The brothers immediately sent Paul and Silas away by night to Berea, and when they arrived, they went into the Jewish synagogue. Now these Jews were more noble than those in Thessalonica; they received the word with all eagerness, examining the Scriptures daily to see if these things were so. Many of them therefore believed, with not a few Greek women of high standing as well as men. But when the Jews from Thessalonica learned that the word of God was proclaimed by Paul at Berea also, they came there too, agitating and stirring up the crowds. Then the brothers immediately sent Paul off on his way to the sea, but Silas and Timothy remained there. Those who conducted Paul brought him as far as Athens, and after receiving a command for Silas and Timothy to come to him as soon as possible, they departed. – Acts 17:1–15 (ESV)
There have been two gale winds blowing against Paul’s ministry. One has been Jewish persecution and the other persecution by the Roman authorities. Increasingly Paul will be struggling against the latter. N.T. Wright helps us understand why:
Anyone who suggests that Luke was writing this book to show the authorities who might glance at it that Christianity was a peaceful movement which merely encouraged everyone to be good citizens should look at this pair of verses and think again. ‘These people who have been turning the world upside down’, they said, ‘have come here.’ Well, yes. Paul would probably, if pushed, say that they were turning the world right way up, because it was currently upside down, but he most likely have been quite pleased to see that people had at least understood that he wasn’t’ just offering people a new religious experience, but announcing to the world that its creator was at last setting it all right. And, the charge goes on, ‘all of them all acting against Caesar’s decrees’ – they don’t say which ones, but the meaning seems to be in the final phrase – ‘saying that there is another king, namely Jesus.’

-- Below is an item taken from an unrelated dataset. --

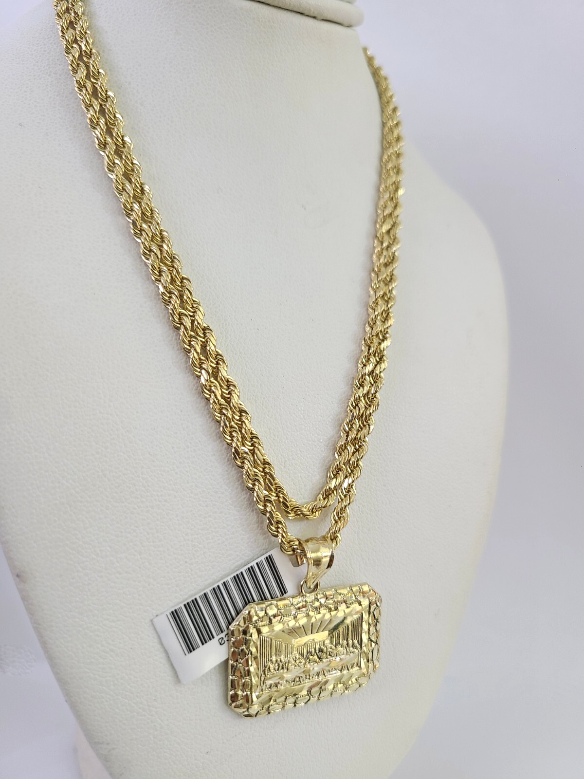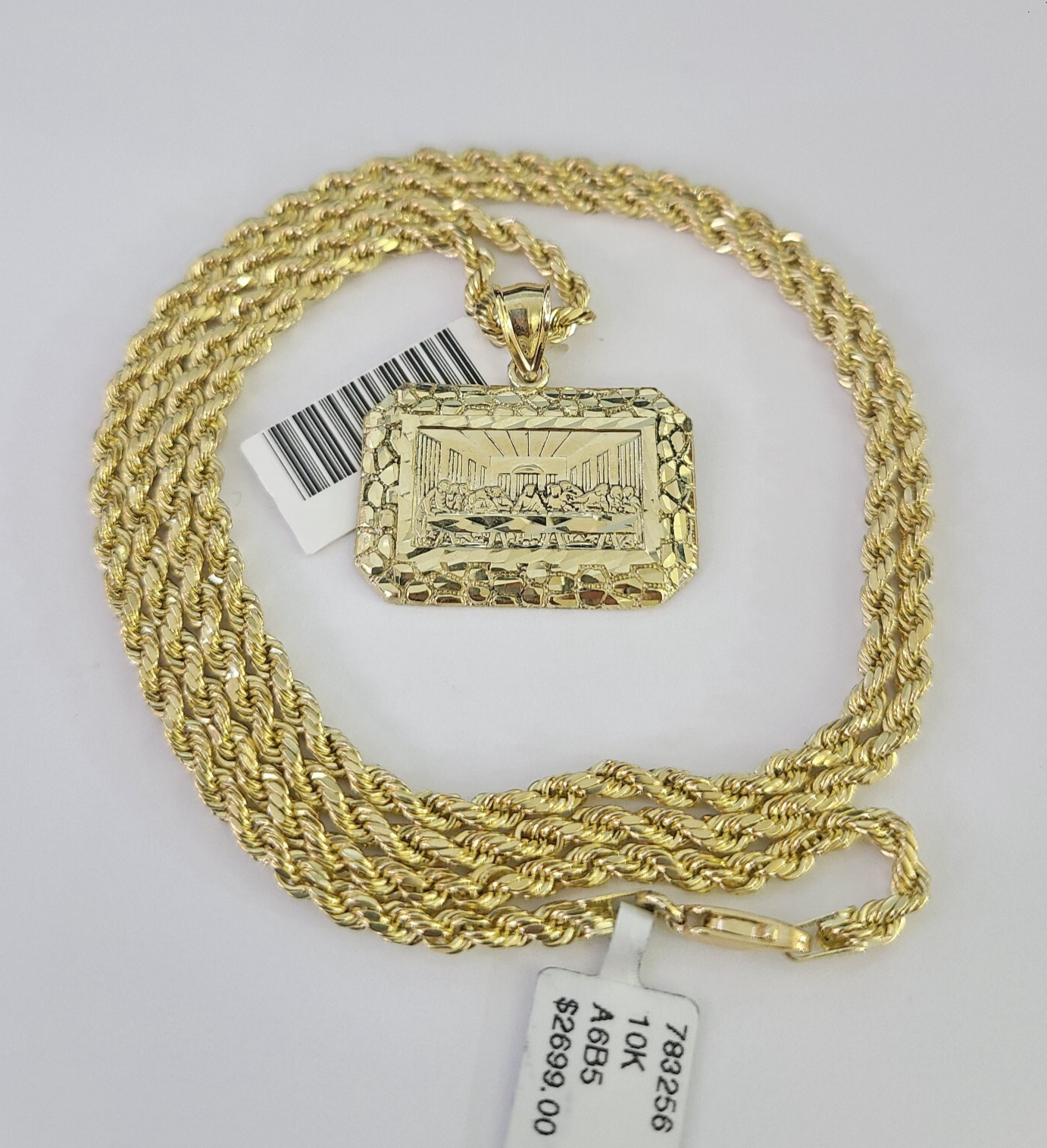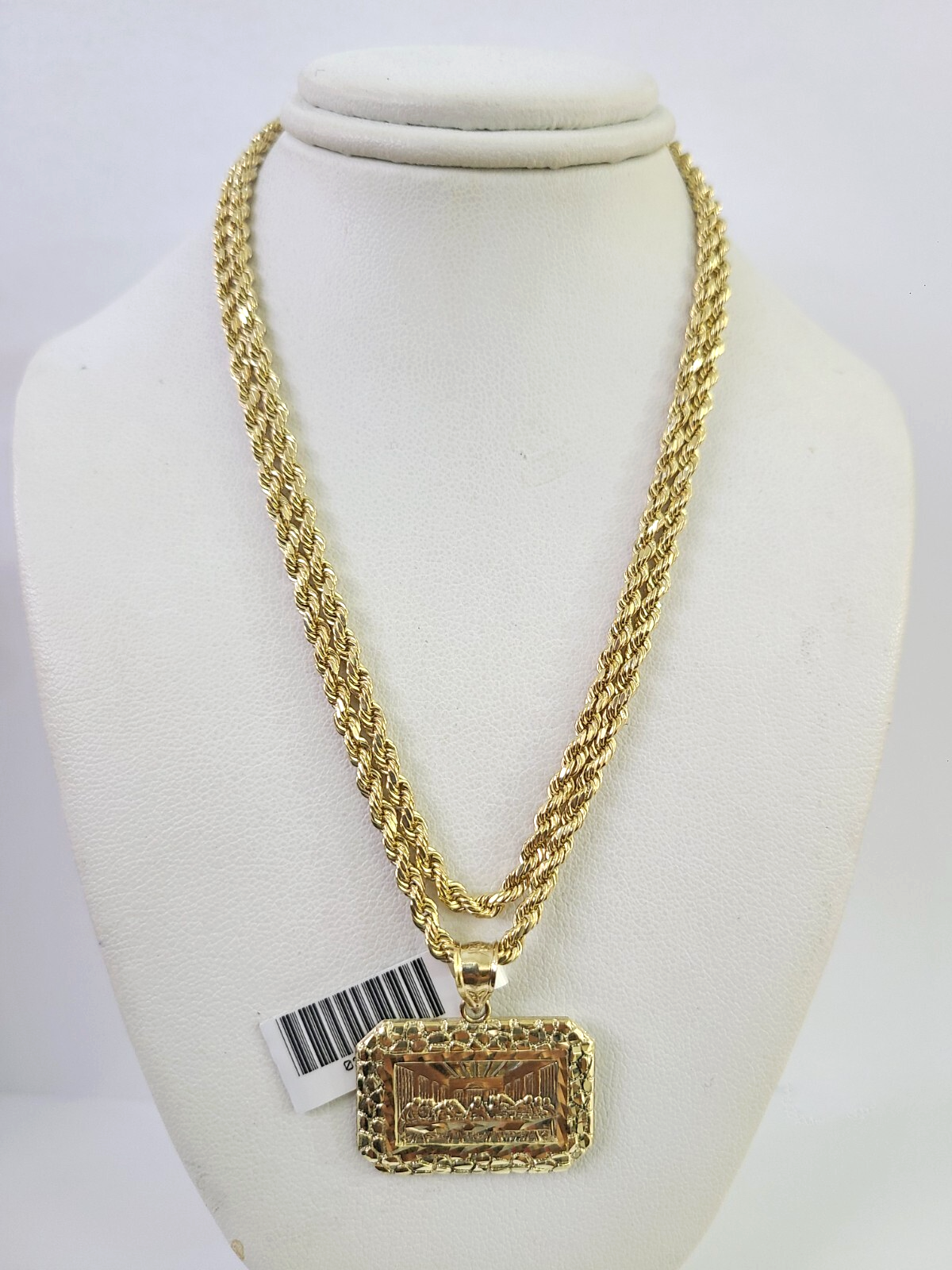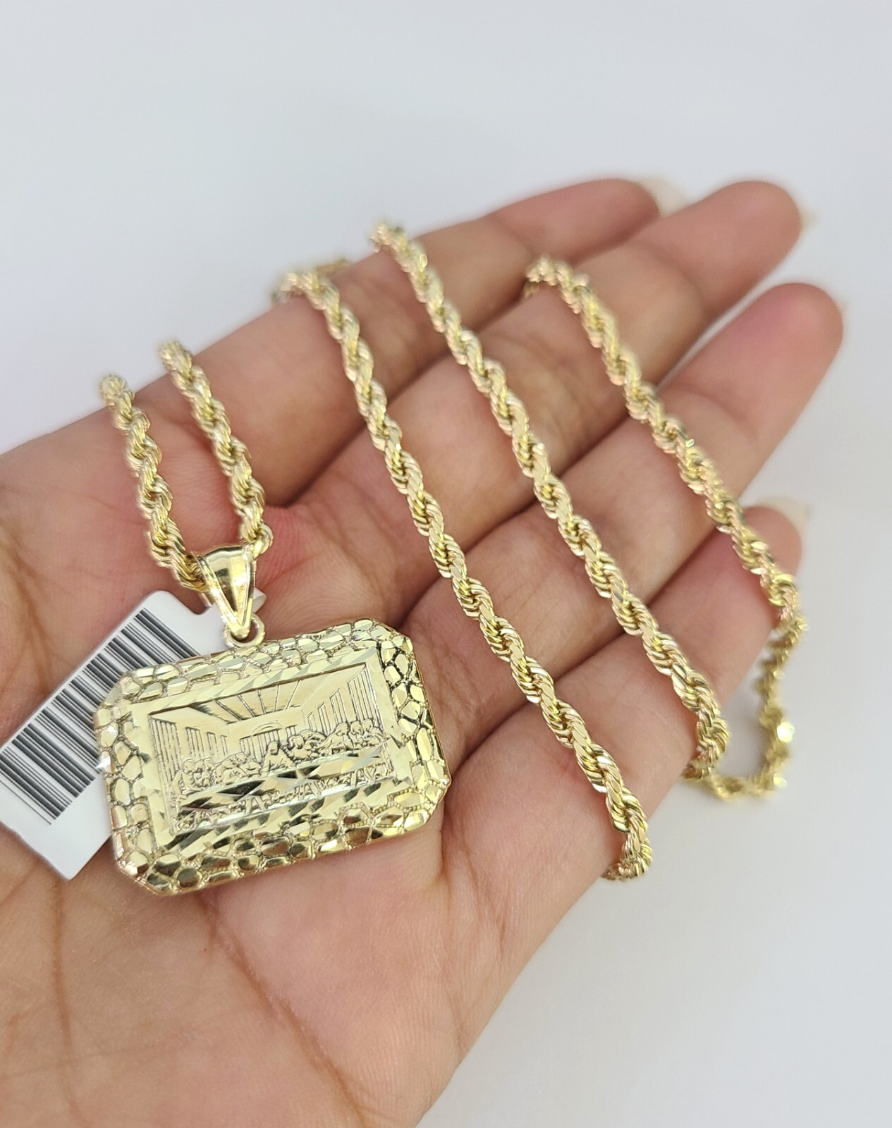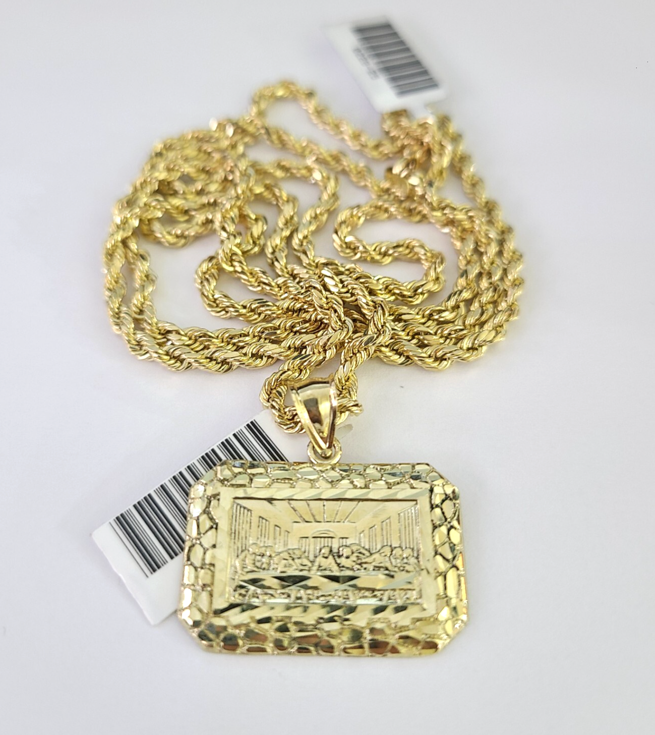 REAL 10k Rope Chain Last Supper Charm Pendant 3mm Necklace Set 18"-30" in

Another king! Well they really have got the message. Jesus is Lord and Caesar isn’t; the fundamental ‘decree’ or ‘dogma’ of Caesar is that he and he alone is emperor. Northern Greece had been the site of the awful civil wars a century before, where Brutus and Cassius had fought it out with Anthony and Octavian after the death of Julius Caesar, and Anthony and Octavian (Augustus) had fought it out for eventual mastery. A phrase like ‘another king’ sounded very much as though people were thinking of starting another civil war aimed at ousting the Emperor Claudius and installing another candidate. If all this took place, as seems likely, around AD 50, we should remind ourselves that less than two decades later no fewer than three emperors were hailed, in far flung parts of the empire, as ‘another king’, and installed in quick succession, making up the ‘year of four emperors’ of AD 69. These things were all too possible, and the charge all too believable.

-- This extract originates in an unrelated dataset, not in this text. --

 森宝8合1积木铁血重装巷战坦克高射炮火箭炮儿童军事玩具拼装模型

So yes, increasing Paul was being persecuted by the Romans but this hardly means that the Jews were leaving him alone. In verse 11, we are famously told that the Jews in Berea were more noble-minded than those in Thessalonica because they kept examining the Scriptures to see whether or not what Paul was telling them was true. But what we shouldn’t miss is that, in their fury, some of the Jews from Thessalonica actually traveled to Berea to persecute Paul there too! This will be critical to remember when we begin studying First Thessalonians next week. In particular, it would be good if we could keep these two truths in mind: (1) Paul was driven out of Thessalonica in just a few weeks. This means that the new Christians there had essentially no time to mature in the faith before they were left without an Apostolic teacher; and (2) The fledging church in Thessalonica was worshipping in an environment where they could expect severe opposition both from the Gentiles and also from the Jews.
MEMORY WORK – Shorter Catechism Q/A 65
Q. 65. What is forbidden in the fifth commandment?
A. The fifth commandment forbiddeth the neglecting of, or doing anything against, the honor and duty which belongeth to every one in their several places and relations.